I write this very aware that I’m definitely perimenopausal and probably approaching the point of needing something a bit stronger/better than strong Vitamin B6. It worked for a while to stabilise my mood swings but I’ve utterly lost it this weekend.

Without details, I’ve been involved in an organisation for 15 years as a volunteer and pre-pandemic I would have said it was one of the things that defined me. The changed that happened in the pandemic led to me feeling distant from it and sometimes lacking the motivation to stay involved. I don’t have the same relationships with other people there that I once did.
And a bit like a struggling marriage having a child, I sought to resolve this by taking on more responsibility, but this has oddly driven me further from it.
More responsibility in one specific area has meant that I feel pressed for time to be involved in the core of the organisation – and now I’m questioning whether I really want to do any of it anymore.
But it does still define me on one level. I also don’t like quitting or failing.

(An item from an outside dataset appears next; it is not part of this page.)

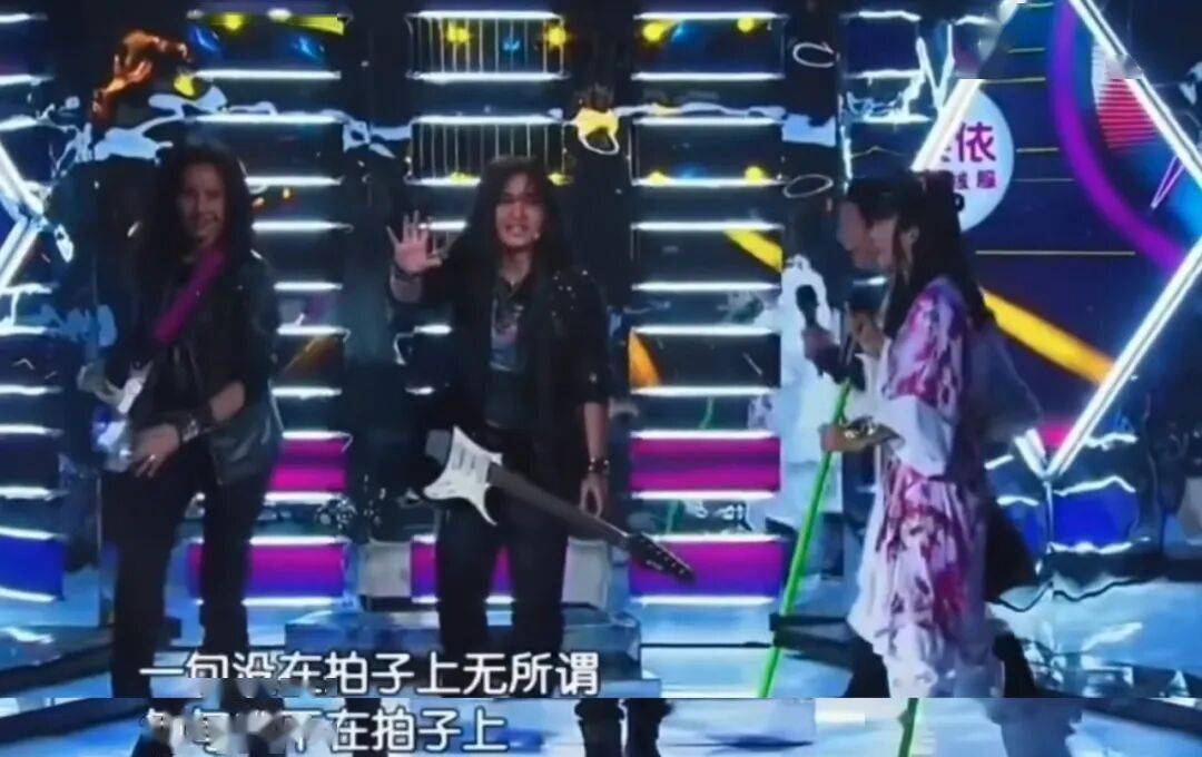 演唱结束的pose是俩人摇滚式捶地,贾玲锤到手疼,何炅上台接的第一句话让观众瞬间爆笑:

But when a voluntary role is like a second job (and I already have a second job anyway!) then how on earth do I find time to have meaningful time with my husband (and not just the 2 hours on the couch after work before bed) and also see friends do social things?
I’ve basically tried to juggle it all this year and managed to fail at it all. Failing at the extra responsibility. Failing at the core bit of the volunteering. Failing at spending quality time with my husband and definitely not really sustaining meaningful friendships. And lets be honest, failing at being good at my job too.
I am aware my battles with it all emotionally, spike in the couple of days when my hormones take over and I am crushed my sadness and anger. But this isn’t something unique to then…
How do you choose? How do you know what to quit? I’d love to hear your thought about how you realistically juggle time pressures.